Why is there a coal-burning steam locomotive permanently parked in Freedom Park?


Since 1959 there’s been an unusual find in the middle of Freedom Park. Nestled among the park’s picturesque lake and trails, between its sports fields and creek, is an old locomotive that traveled many miles before ending up in its now permanent parking place.

The Gaineseville-Midland 301 was made in Philadelphia in 1920 and shipped to Florida where it pulled cars between small towns on the state’s coast for more than three decades.

In 1951, it was purchased by Gainesville-Midland, which gave it the number 301 and for eight years it went back and forth between Gainesville and Athens, Ga.

By 1959, steam engines were becoming less popular as diesel engine trains took over the tracks. The city of Charlotte had asked a company called Seaboard for a locomotive to display. That year, Seaboard purchased Gainesville-Midland and its 301, which they deemed the perfect gift for the Queen City.

The old locomotive rolled into town that fall and was installed at Freedom Park with a new paint job and a new name: The Freedom Park Express. Originally, it served as glorified playground equipment with children crawling across and under it.

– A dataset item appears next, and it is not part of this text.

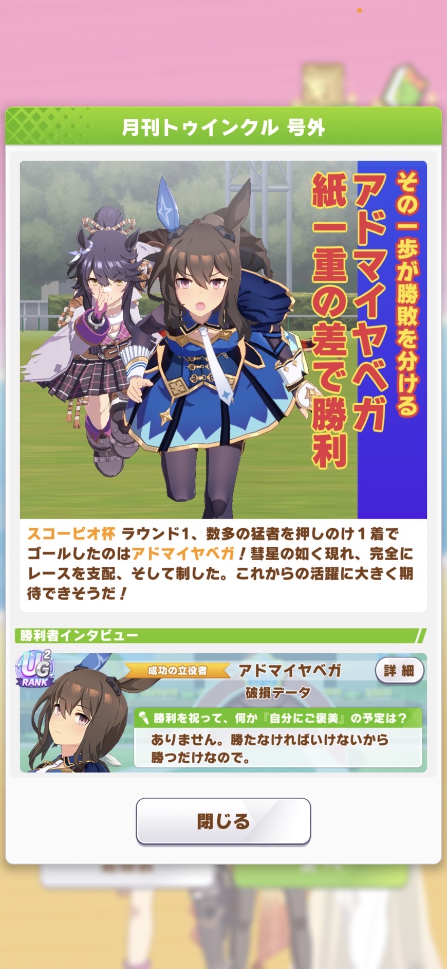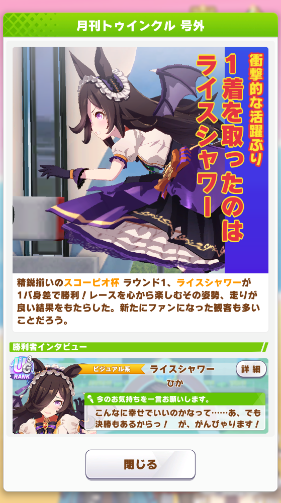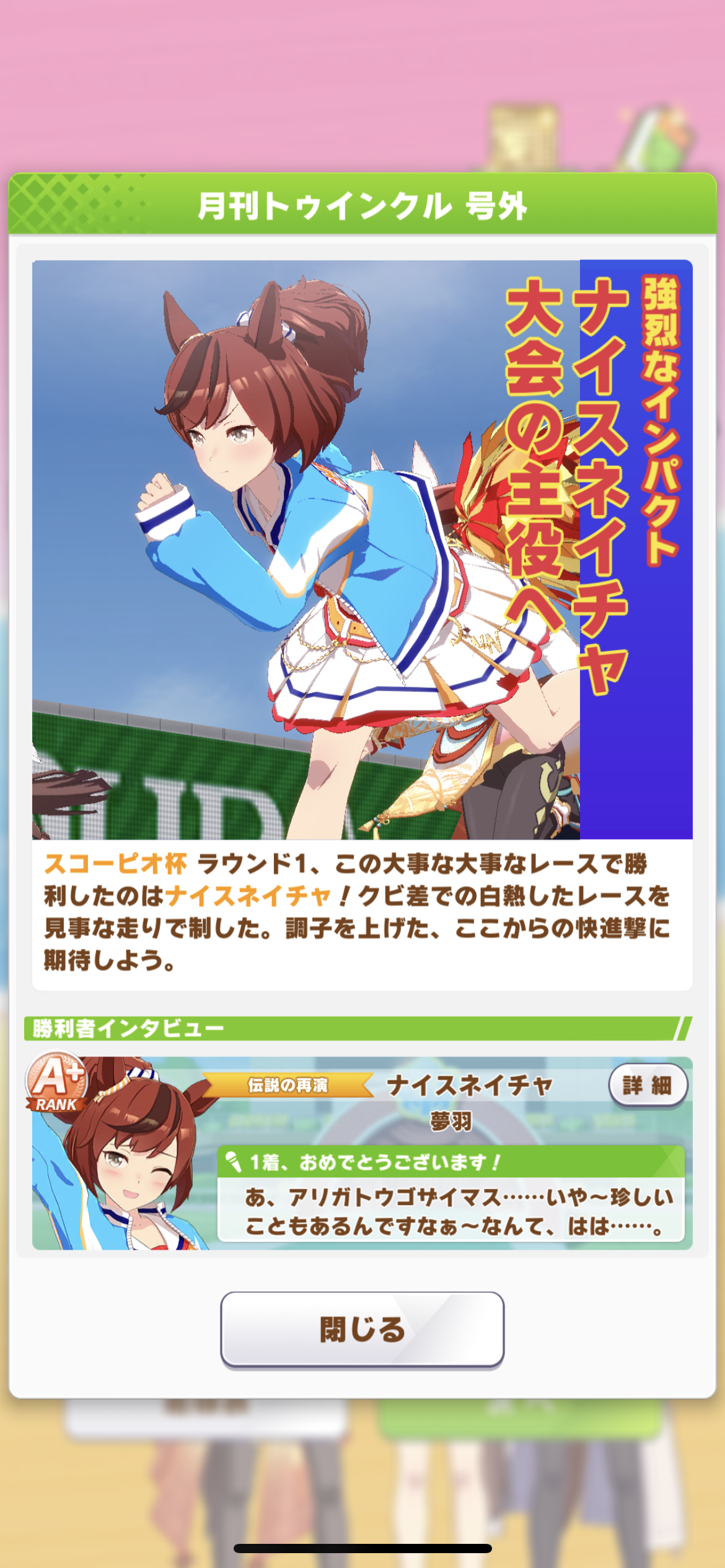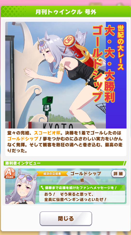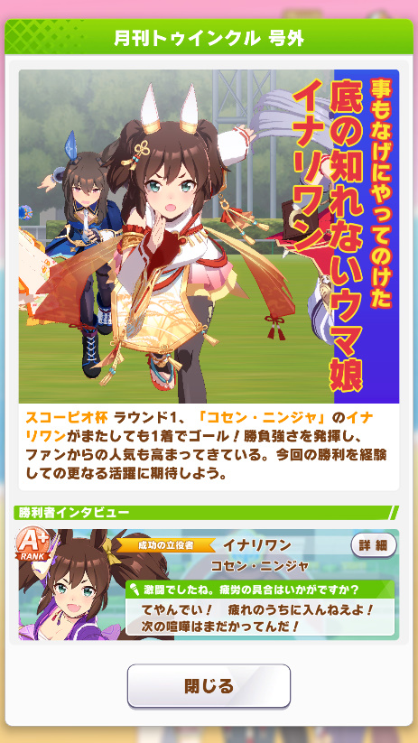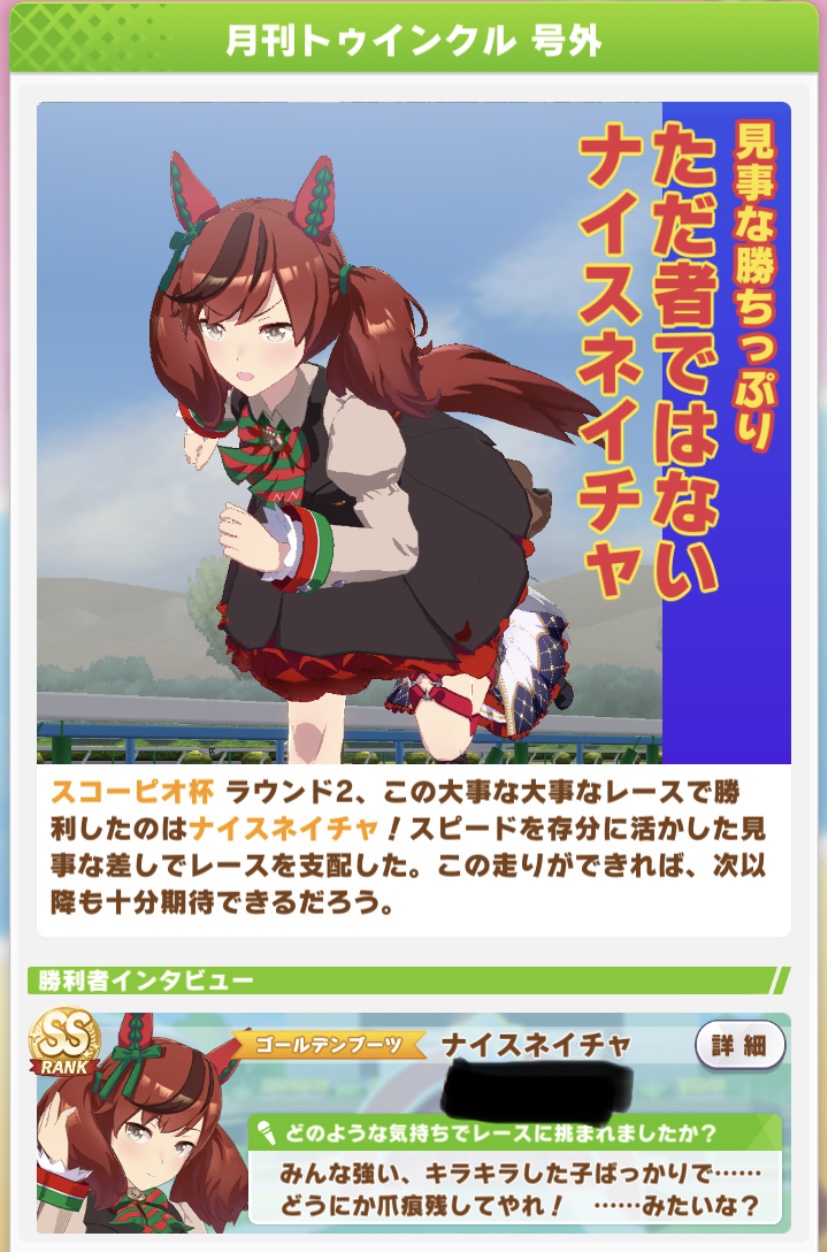 ネイチャ、クリオグリ相手によく勝ってくれた!

But eventually that was seen as  dangerous and the train is now in a fenced-off area, with access to only its conductor’s chamber for those who want to get a taste of transportation during the early part of the 20th century.

Visit Freedom Park

WHAT: A 98-acre public park between Charlotte’s historic Dilworth and Myers Park neighborhoods

WHERE: 1900 East Blvd.

COST: Free

PRO TIP: Today, the train has been repainted with the number and name it had when it originally arrived in Charlotte. You’ll find it near the park’s central parking lot.

This story comes from Sarah Crosland’s book “Secret Charlotte: A Guide to the Weird, Wonderful, and Obscure,” which you can buy on Amazon here or at local shops like Park Road Books and Paper Skyscraper. It’s a great read for anyone who loves Charlotte — and we’re not just saying that because she’s our former boss.

Photo: Colby Alvino


  1. When I was a kid we had free reign of that train. I remember you could crawl under it and climb up in a hollow area, and we also used to climb up top to swing the bell back and forth.

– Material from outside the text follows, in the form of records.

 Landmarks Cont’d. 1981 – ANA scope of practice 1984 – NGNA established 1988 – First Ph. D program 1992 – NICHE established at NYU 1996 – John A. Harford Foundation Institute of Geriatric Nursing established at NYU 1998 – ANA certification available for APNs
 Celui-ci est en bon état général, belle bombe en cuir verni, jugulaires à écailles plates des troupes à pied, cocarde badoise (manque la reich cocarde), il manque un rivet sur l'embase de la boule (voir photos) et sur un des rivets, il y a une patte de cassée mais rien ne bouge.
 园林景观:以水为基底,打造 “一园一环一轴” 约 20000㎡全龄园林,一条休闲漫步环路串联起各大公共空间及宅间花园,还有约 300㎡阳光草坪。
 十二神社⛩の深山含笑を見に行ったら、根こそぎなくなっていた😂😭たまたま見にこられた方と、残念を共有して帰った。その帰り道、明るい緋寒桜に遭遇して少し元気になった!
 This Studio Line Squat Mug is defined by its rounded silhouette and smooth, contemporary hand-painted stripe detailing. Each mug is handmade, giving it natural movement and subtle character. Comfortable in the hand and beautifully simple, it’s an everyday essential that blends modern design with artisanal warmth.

  2. Anyone else remember when you could climb up under it into the furnace? As kids we used to climb all over it in the 60’s. Great memories. Too bad we live in such a litigious society now and all the fun stuff gets closed down.

  3. I remember, Alan. Didn’t there used to be a fire truck or something parked beside it? It seems like I remember two large vehicles there at one time, the train and something else.

  4. Oh my gosh, I could remember climbing all over that thing! We had contests to see how high we could climb. I used to climb up to the smoke stack, lie down across the top and throw rocks to everyone climbing up to get near me! Our parents would be sitting on the benches nearby, talking with other parents. Unless someone really starting screaming, they paid no attention to us whatsoever. We were expected to handle ourselves appropriately, solve our own problems, mediate our own arguments. Grand training for adulthood.

  5. It hasn’t been too long at all since kids could play on it! I’m 16 and I vividly remember playing on that train. Stupid fences/rules.

  6. The train was the best place ever to play tag. In the mid-sixties there were kids running all over it…along the sides, under the wheels. on top of the engine and in the coal box. There was a lever in the cab, to the right, that you could shove back and forth and it would make a loud noise, somewhat like a chugging train. Sure kids fell off once in a while, but I never saw any serious injuries. There was also a USAF Sabre jet from the Korean War and somewhat later a fire engine. At some point in the late ’70s a tank was added to the collection.

    • Yep, the worst thing I ever saw on the locomotive was a black widow, and we just avoided it and kept having fun. We climbed up the back of that thing and walked along the sides without ever thinking we would fall, although in retrospect I’m surprised no one ever did.

      I think there were two fire trucks at one point, including the sabre and tank. Good times growing up at that park!

  7. Played on it in the 1970s along with an airplane. Used to be a caboose at Park Rd Park (I think). As the parent of a 6 year old I am sad he doesn’t get to play on them the way we did, but at least he can have a limited experience.

  8. Oh man….there was the train, a plane, the spaceship, a fire truck, a tank….FUN! Yes, I remember climbing all over that train…ringing the bell…climbing into the rusty tank things underneath. Lots of sharp, rusty edges and dangerous things to play in and on. Did we care? No. Did we get cut and bleed? Yes….you bled until it stopped bleeding and then you kept playing. Did our mothers baby us and make us stay off that thing? NO, because we weren’t a bunch of pansies back in those days.

  9. I forgot the spaceship…everything else was strippped down but the real thing. The spaceship was a metal construct…and you are right, we took our cuts and scrapes and played on. Girls and boys, black and white all played together in that area between the parking lot and the creek, which was also a great place to play….although I did break my arm trying to jump the creek with my banana bike.

  10. At one point in time you could open the furnace and start fires in it to keep warm. Several years and a few lawsuits later, they sealed it good.